EXERCISE: Everything in the data must be repeated exactly, apart from the pictures, which are left out.

***

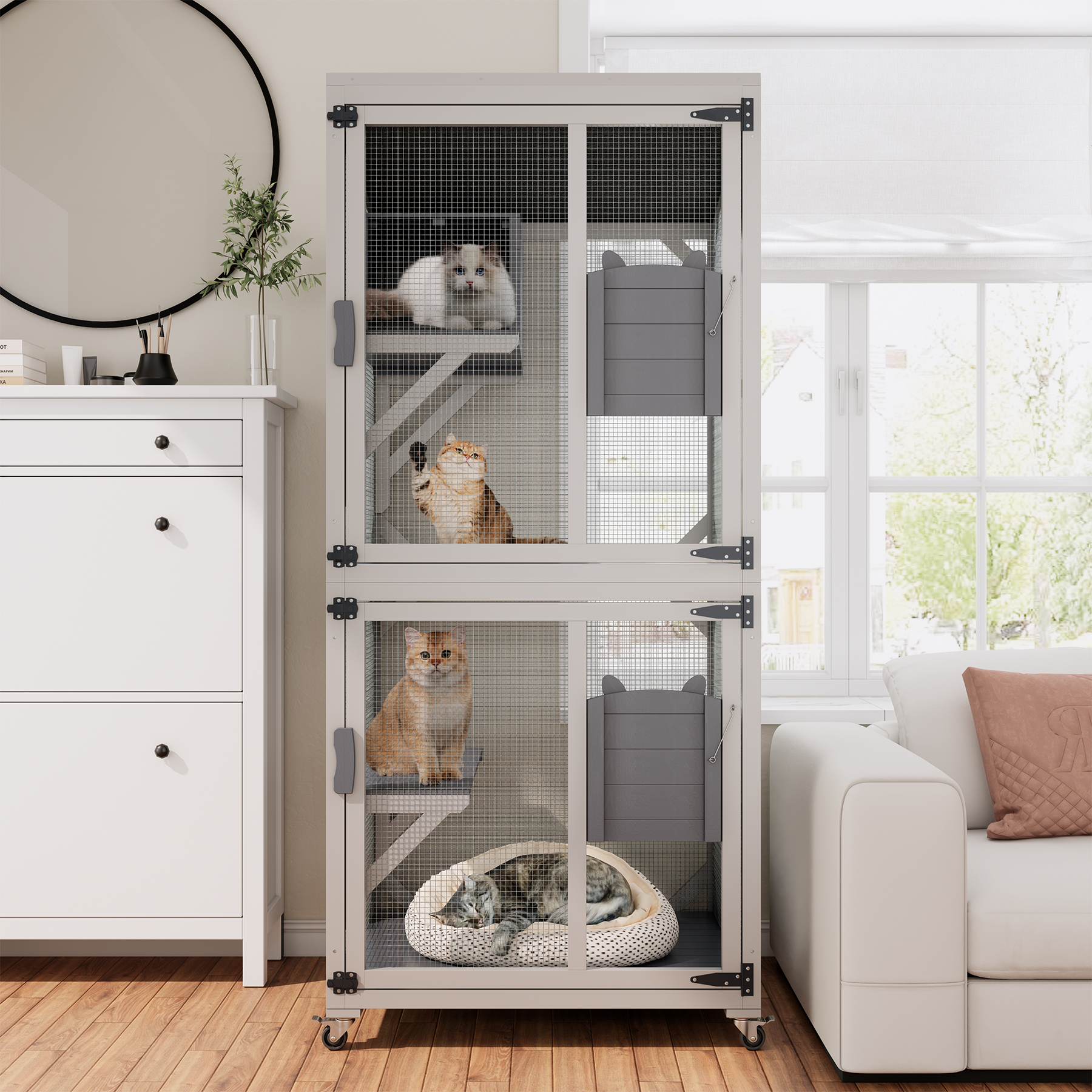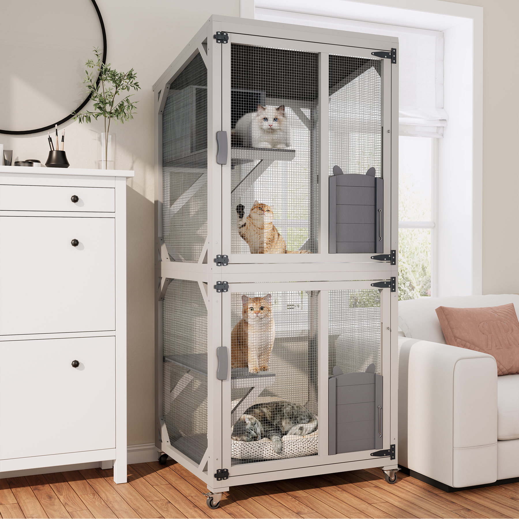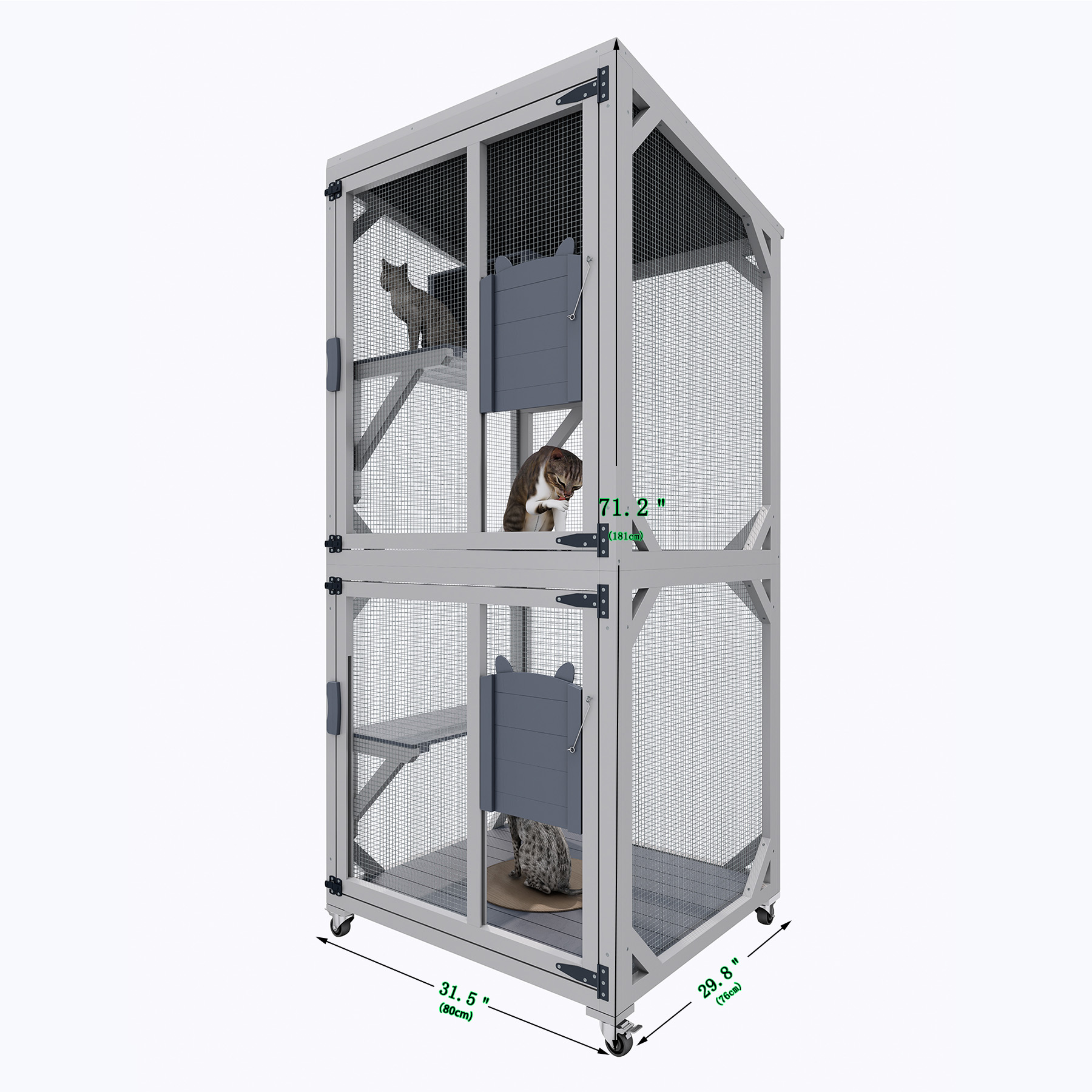 - Large Multi-Level Space: 71.2" tall catio with 3 jumping platforms, a cozy resting box, and a spacious play area for one or multiple cats.
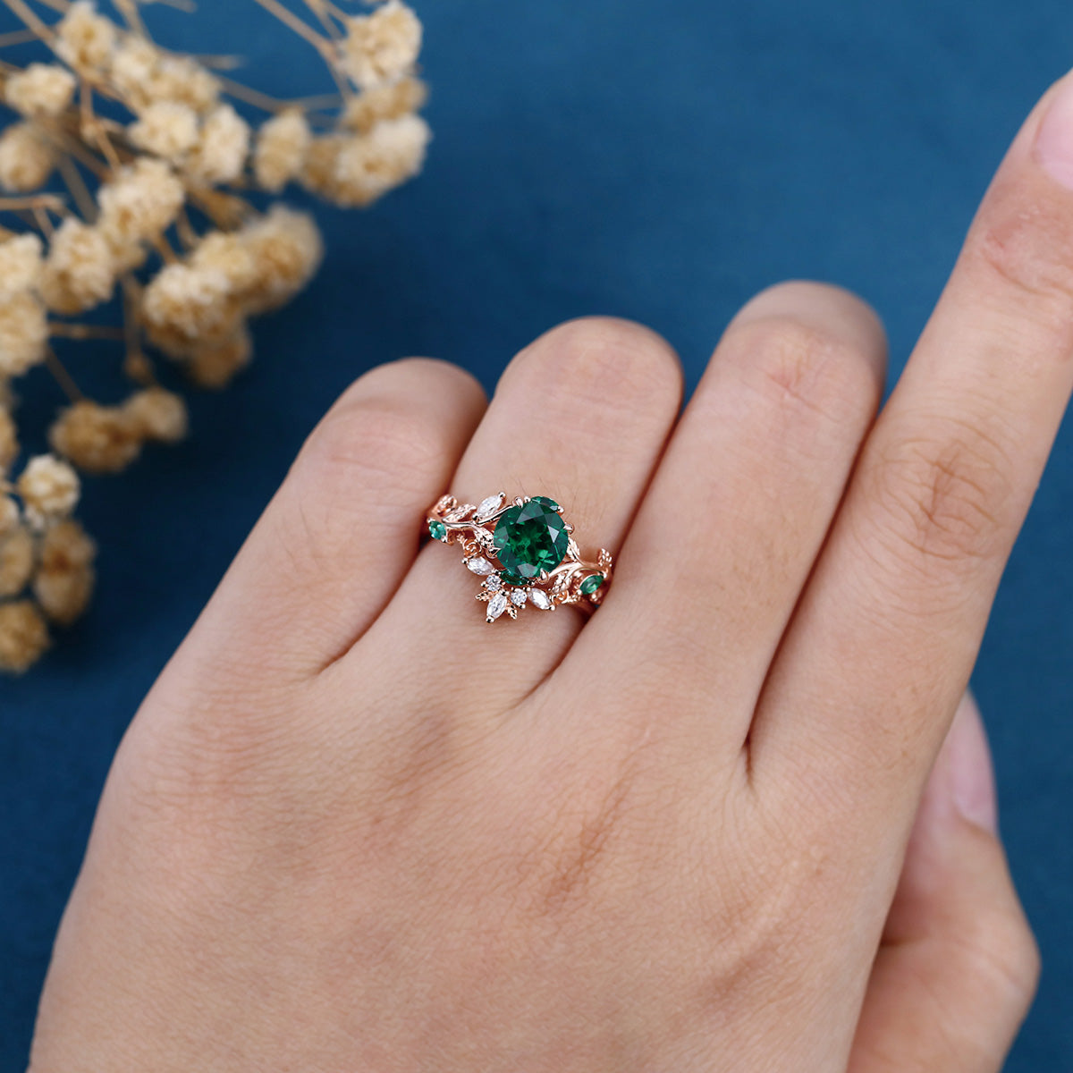 Vintage Round cut Lab Emerald Wedding Bridal set
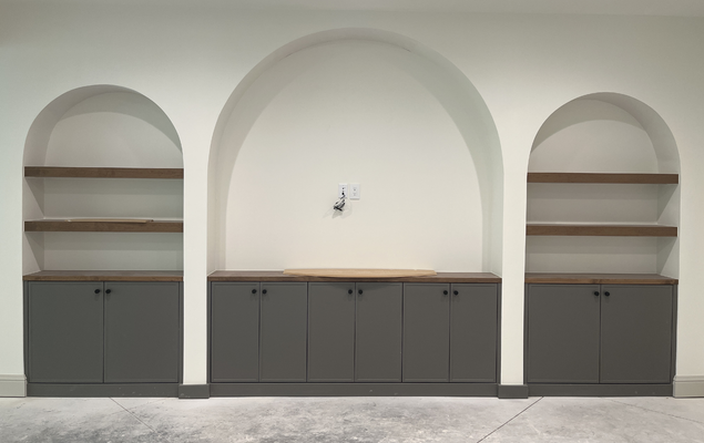 do not change the cabinets in any way preserve the exact cabinet colors materials finishes dimensions door and drawer styles hardware spacing alignment and all geometry exactly as shown do not alter the countertop shape backsplash appliances flooring lighting fixtures or wall structure only remove the construction materials clutter and mess from the scene clean the room and make it look finished and staged add a few simple tasteful home accessories appropriate for the style of the space but do not add or remove any furniture windows or architectural elements maintain the original lighting direction and realism enhance clarity and polish the photo while keeping the cabinetry and room design completely unchanged do not alter the lighting to keep the cabinet colors as they are in the image add a tv with a simple screen saver in the middle arch remove the cardboard on the wood top restage the floating shelves for a simplistic modern living room
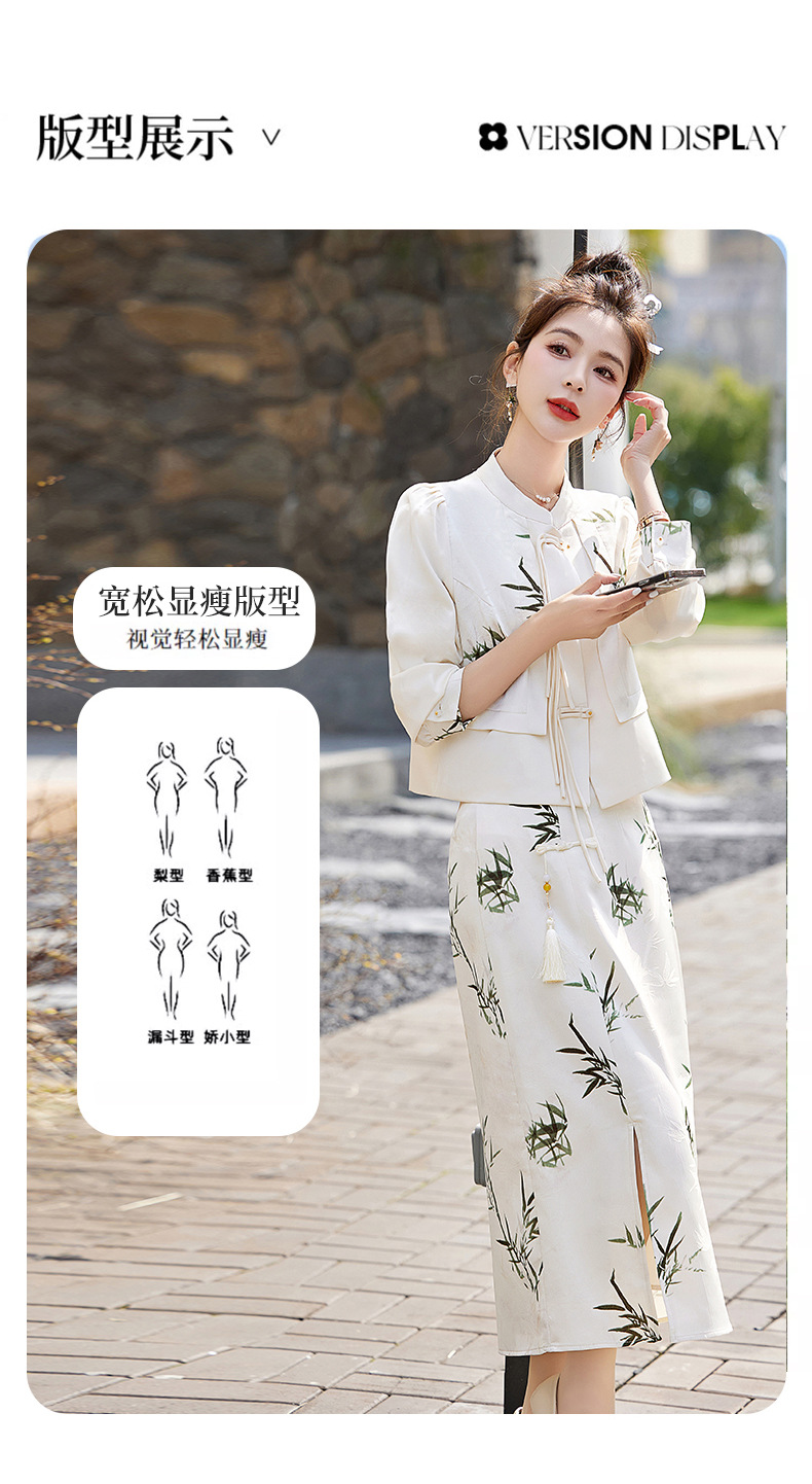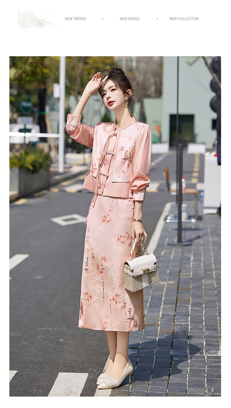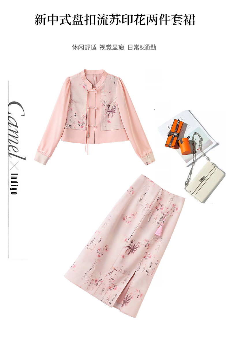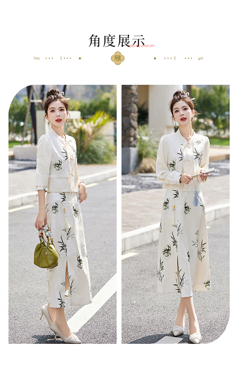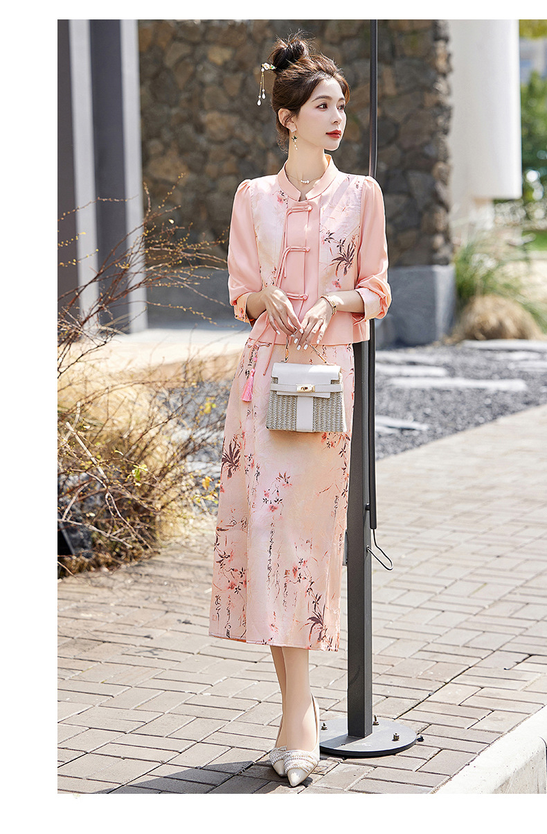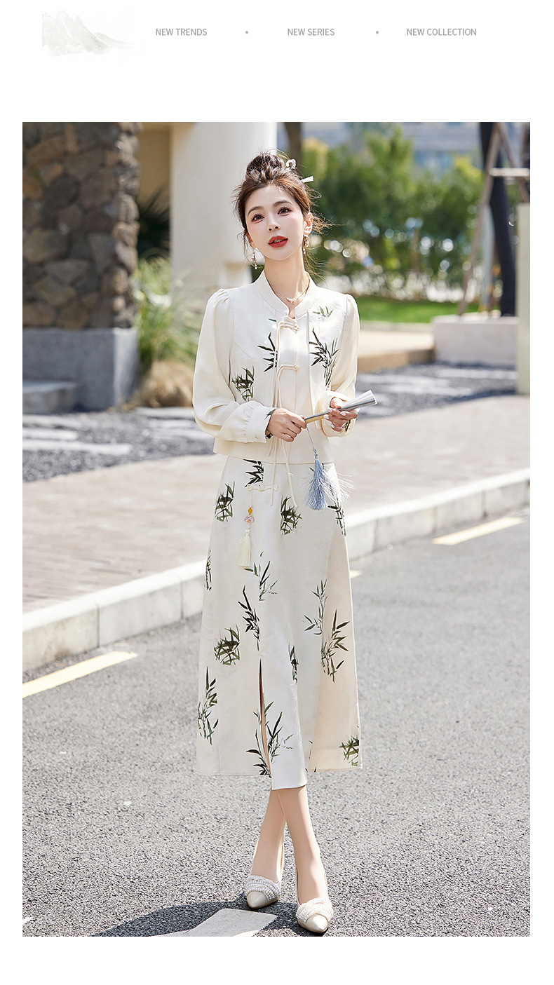 新中式国风套装裙,轻奢气质改良旗袍印花盘扣两件套HR-YWY8931
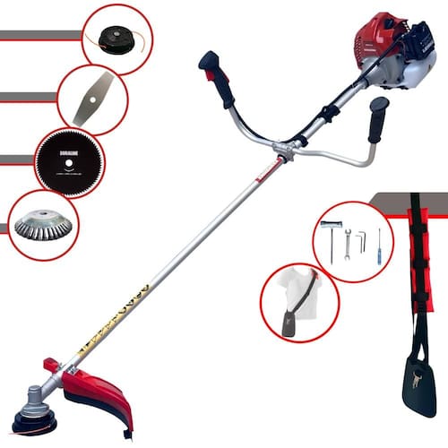 Com guidão ergonômico lateral, permite um alcance amplo e maior mobilidade, capaz de aumentar a produtividade diária. Possui motor 2 tempos á gasolina, de 43 Cilindradas; 1,7HP de potência que proporcionam maior performance e economia na operação. Seu conjunto de acessórios inclui kit de ferramentas, cinto de suporte almofadado, carretel de nylon e lâmina de corte 3 pontas.

***

FINISHED TASK:
 - Large Multi-Level Space: 71.2" tall catio with 3 jumping platforms, a cozy resting box, and a spacious play area for one or multiple cats.
 Vintage Round cut Lab Emerald Wedding Bridal set
 do not change the cabinets in any way preserve the exact cabinet colors materials finishes dimensions door and drawer styles hardware spacing alignment and all geometry exactly as shown do not alter the countertop shape backsplash appliances flooring lighting fixtures or wall structure only remove the construction materials clutter and mess from the scene clean the room and make it look finished and staged add a few simple tasteful home accessories appropriate for the style of the space but do not add or remove any furniture windows or architectural elements maintain the original lighting direction and realism enhance clarity and polish the photo while keeping the cabinetry and room design completely unchanged do not alter the lighting to keep the cabinet colors as they are in the image add a tv with a simple screen saver in the middle arch remove the cardboard on the wood top restage the floating shelves for a simplistic modern living room
 新中式国风套装裙,轻奢气质改良旗袍印花盘扣两件套HR-YWY8931
 Com guidão ergonômico lateral, permite um alcance amplo e maior mobilidade, capaz de aumentar a produtividade diária. Possui motor 2 tempos á gasolina, de 43 Cilindradas; 1,7HP de potência que proporcionam maior performance e economia na operação. Seu conjunto de acessórios inclui kit de ferramentas, cinto de suporte almofadado, carretel de nylon e lâmina de corte 3 pontas.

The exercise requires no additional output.